Shiny Shelf


Star Wars: Episode II: Attack of the Clones

By Jim Smith on 15 May 2002

Star WarsOnly time and repeated viewing will tell us whether ‘Attack of the Clones’ is a better film that its predecessors. The one thing which is certain is that it’s significantly stranger.

The structure of the screenplay, the continually oscillating tone, and the utterly peculiar photography and design all conspire to create something palpably unique in the history of filmmaking; a staggeringly bizarre combination of ‘funny alien’ comedy, naked sadism, political melodrama and enormous set-pieces.

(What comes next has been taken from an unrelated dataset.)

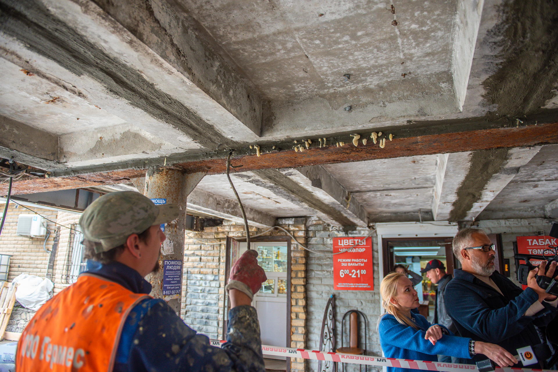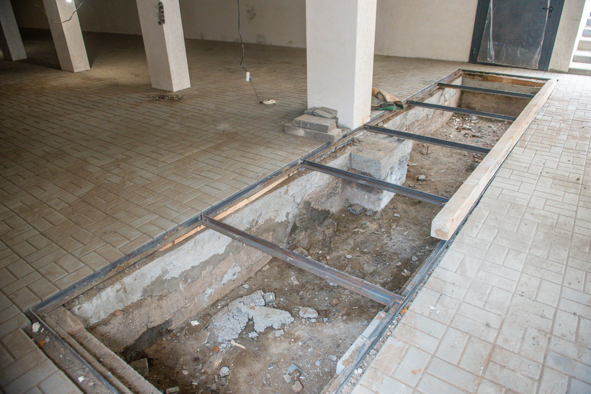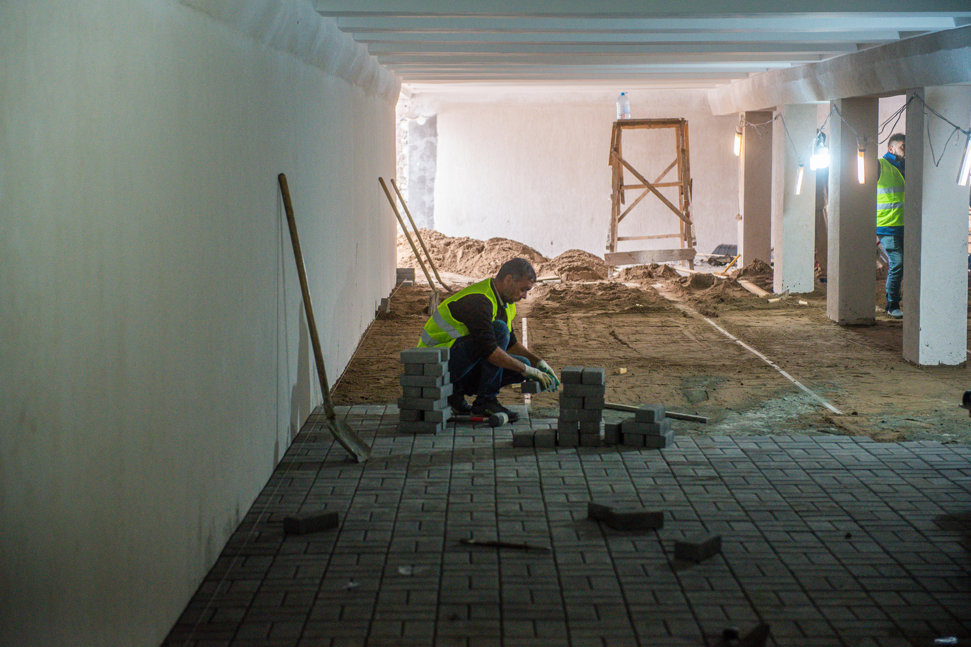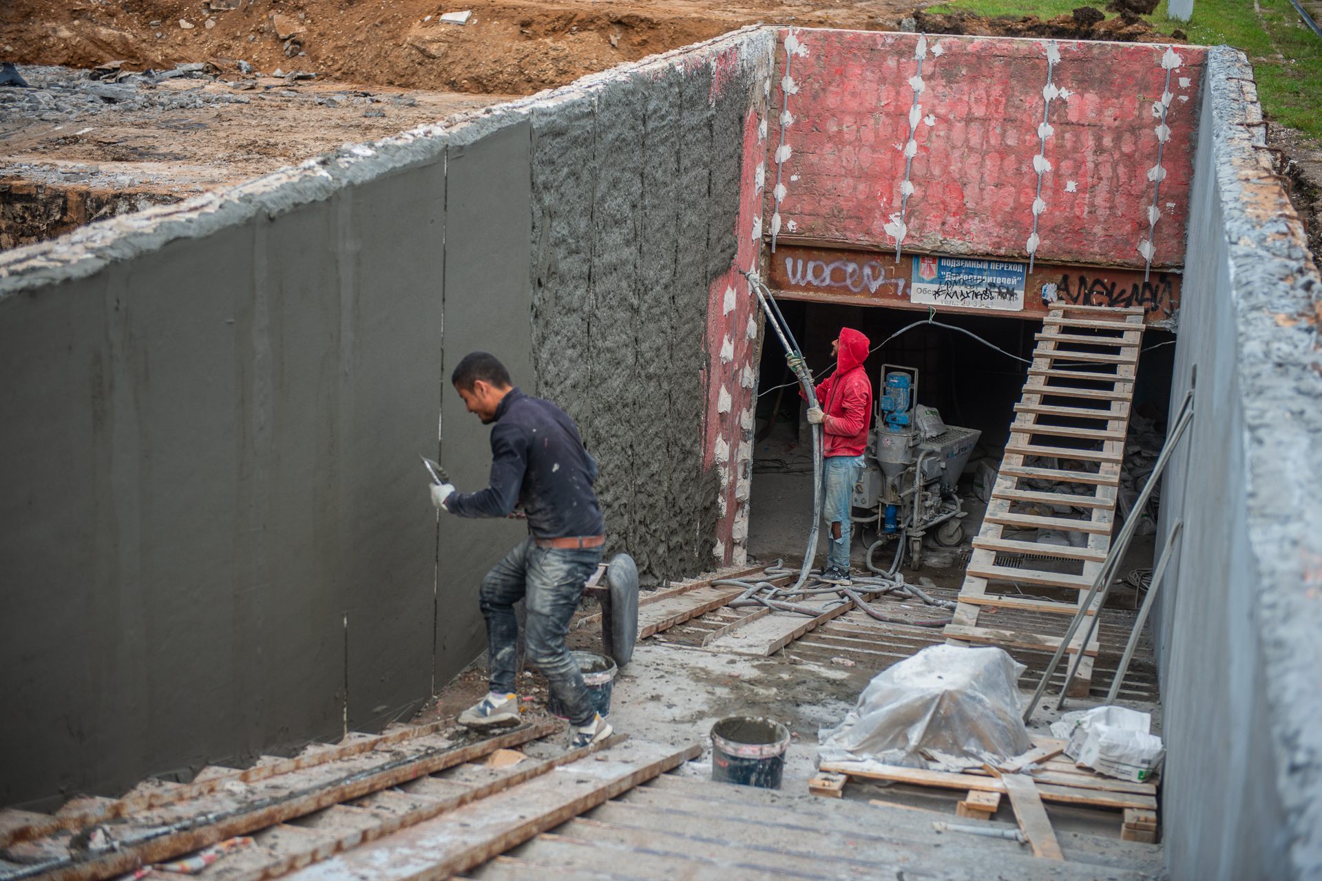 Практически вся работа внутри пешеходных переходов – ручная работа. Технику в таких условиях использовать невозможно, рабочие сами спускают материалы, а бетон изготавливается внутри.

It’s a love story, a realpolitik essay and a slapstick comedy. It’s a film which both reveres and parodies the series of which it is a part. It’s the darkest and the lightest ‘Star Wars’ film depending on which scene you’re watching. Sometimes it manages to be both in the same scene.

With its twisted moral ambiguities, brutal action sequences and stupid, stupid jokes it is very, very clearly the product of a personal vision – the work of a filmmaker who cares not one iota whether he pleases anyone but himself. And what pleases George Lucas is clearly becoming increasingly esoteric.

A few examples should suffice. Obi Wan muttering that Anakin ‘will be the death of me’ is played strictly for laughs. At one point a dramatic swell of romantic music is stopped dead by an ugly noise, as if the stylus has been ripped from a record – and the tone of the scene being scored abruptly changes. Samuel L Jackson is visibly being ‘Samuel L Jackson’, this is Shaft-as-Jedi-Master, this is Jules as Protector-of-the-Force. At one point you honestly think he’s going to ask another character who they think they’re f***ing with.

The physically impossible occurs approximately once every 30 seconds. The genuinely insane is limited to about once every three minutes. There’s a sequence where Yoda – YODA – has a lightsabre fight with Christopher Lee. That’s a CGI Muppet duelling with an octogenarian. It’s a sequence both thrilling and absurd, a moment when George Lucas stands up demands that you laugh with him at the crazy, crazy world that he’s dragged you into. He’s letting you know he’s in on the joke.

There are moments when characters seem about to wink to camera, and there are others which display the ability to handle strong emotions which cynics felt Lucas had lost. This is a film which actually contains the kind of shifts in tone, texture and style which people insist that Jean-Pierre Jeunet accomplishes all the time, but which he hasn’t actually got anywhere near since halfway through ‘Delicatessen’.

‘Attack of the Clones’ is an extraordinary, unique, bewildering film. It is also very, very odd. For anything more coherent than that you’ll have to wait until I’ve seen it again.